■ **What you need to do**: Transcribe the whole listing exactly; the images stay out.
*** Opening Data block ***
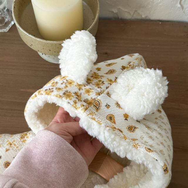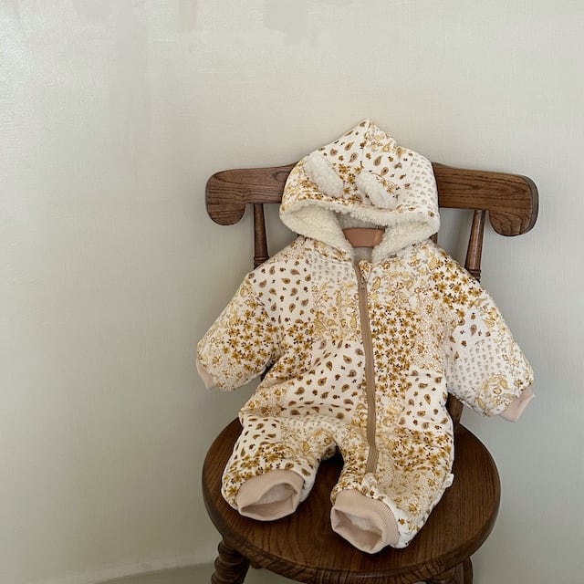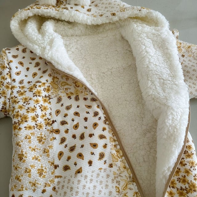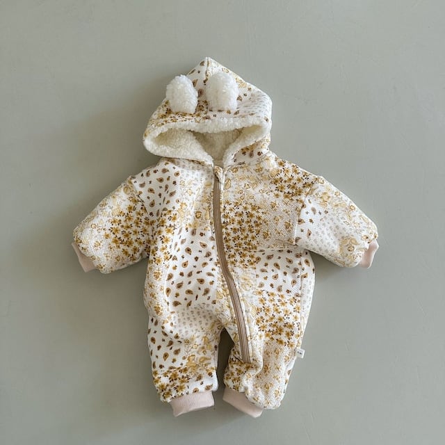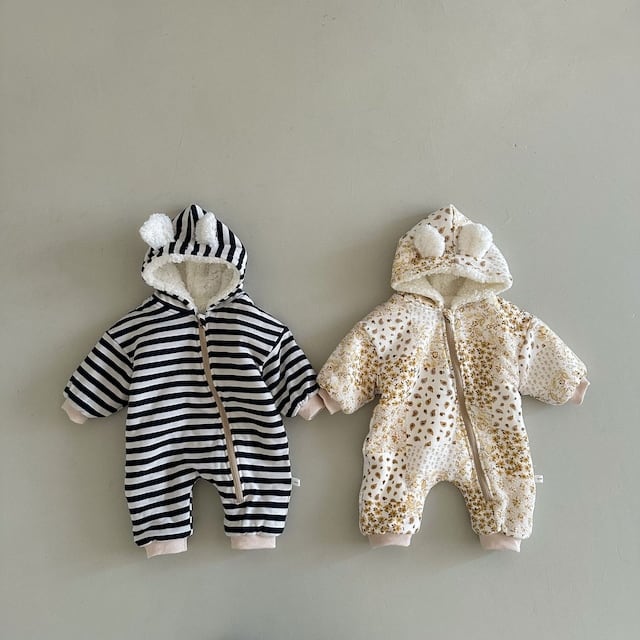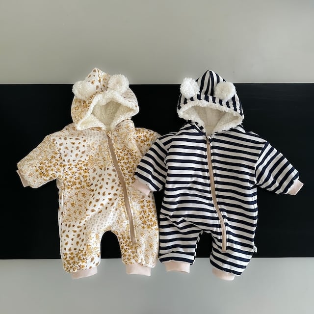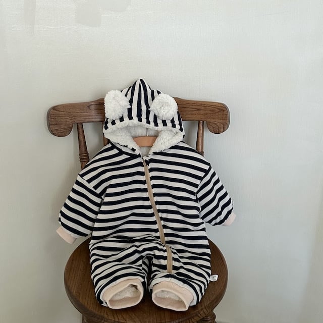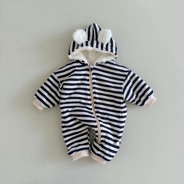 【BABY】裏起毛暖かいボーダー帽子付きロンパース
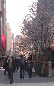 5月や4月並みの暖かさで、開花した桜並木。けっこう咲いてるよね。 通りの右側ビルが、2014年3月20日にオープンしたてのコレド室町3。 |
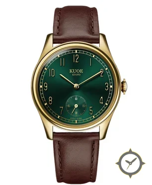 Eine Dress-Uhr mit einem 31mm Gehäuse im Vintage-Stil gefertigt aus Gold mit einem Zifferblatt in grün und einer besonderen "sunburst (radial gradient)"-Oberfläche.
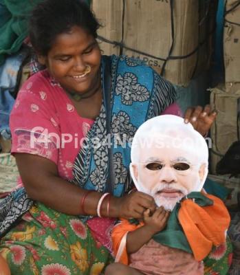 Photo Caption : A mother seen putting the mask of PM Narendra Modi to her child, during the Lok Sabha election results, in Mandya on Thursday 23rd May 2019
*** Closing Data block ***
■ **Solved problem**:
 【BABY】裏起毛暖かいボーダー帽子付きロンパース
 5月や4月並みの暖かさで、開花した桜並木。けっこう咲いてるよね。 通りの右側ビルが、2014年3月20日にオープンしたてのコレド室町3。 |
 Eine Dress-Uhr mit einem 31mm Gehäuse im Vintage-Stil gefertigt aus Gold mit einem Zifferblatt in grün und einer besonderen "sunburst (radial gradient)"-Oberfläche.
 Photo Caption : A mother seen putting the mask of PM Narendra Modi to her child, during the Lok Sabha election results, in Mandya on Thursday 23rd May 2019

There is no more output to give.